今季の秋田はここまで4勝19敗、東地区12位。タナー・ライスナーの脳震とうによる離脱、田口成浩の大怪我も重なり、「ディフェンスの強度」「リバウンド」「日本人ローテの厚み」と、チームの生命線がいくつも削られてしまいました。仙台戦・三河戦のように、良い時間帯がありながらも40分持たずに崩れる試合が続いているのも事実です。

そんな中でのイゴール加入は、いわば「今シーズンのため」と「来シーズン以降のため」を両方見据えた一手に見えます。本記事では、ブースター目線でこのニュースを深掘りしつつ、「どんな選手なのか?」「秋田でどう生きるのか?」「過度な期待とどう付き合うべきか?」を丁寧に整理していきます。

イゴール・スヴェトリシック練習生加入の概要

まずは、今回発表された内容をざっくり整理しておきましょう。イゴール・スヴェトリシックは、セルビア出身の23歳。ポジションはPF/Cで、身長203cm・体重108kgというサイズの持ち主です。現在は山梨学院大学に在学中で、「第101回関東大学バスケットボールリーグ戦」2部では22試合に出場し、平均11.5得点・10.3リバウンドを記録。関東1部昇格に大きく貢献したインサイドプレーヤーです。

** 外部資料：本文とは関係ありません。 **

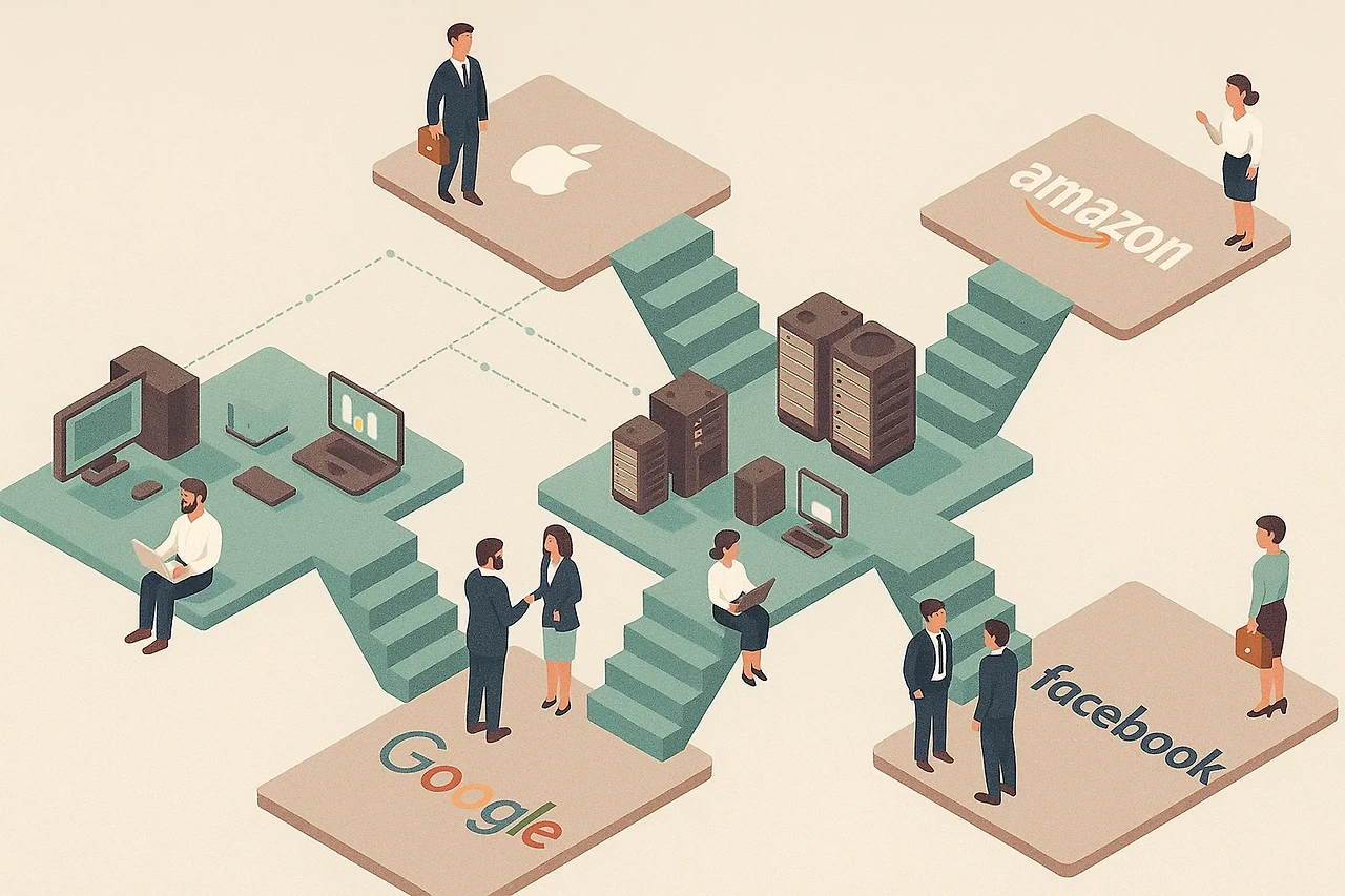 현대 플랫폼 기업, 예를 들어 페이스북, 아마존, 구글, 마이크로소프트는 이러한 권력의 회로를 의도적으로 설계하고 운영한다. 페이스북은 친구와 가족 연결을 넘어 광고 타겟팅, 인스타그램·왓츠앱 통합, 참여 데이터 분석으로 권력을 집중시킨다. 아마존은 온라인 마켓플레이스와 클라우드 서비스, 자체 제품 라인을 결합해 생태계를 강화하고, 구글은 검색, 지도, 드라이브, 광고, 모바일 운영 체제에 걸친 통합 경험으로 시장을 지배한다. 이들 기업은 사용자 경험을 친숙하게 만들고, 변화와 교체를 불편하게 하며, 결과적으로 장기간 플랫폼에 머무르게 한다.

一方の秋田は、ここまで通算4勝19敗で東地区最下位。11月25日にはタナー・ライスナーが脳震とうでインジュアリーリスト入りし、日本人エースの田口成浩も右膝前十字靭帯断裂・右外側半月板損傷という重傷で離脱中。「スコアラーとリーダーを同時に失ったチーム」に、リバウンドとサイズをもたらす新たなビッグマンが加わる構図です。

もちろん現時点ではあくまで「練習生契約」。いきなりローテーション入りしてB1の試合に出てくる…という段階ではありません。それでも、今シーズンの秋田の戦い方、そして来季以降のロスター構成を考えるうえで、非常に意味のある補強であることは間違いありません。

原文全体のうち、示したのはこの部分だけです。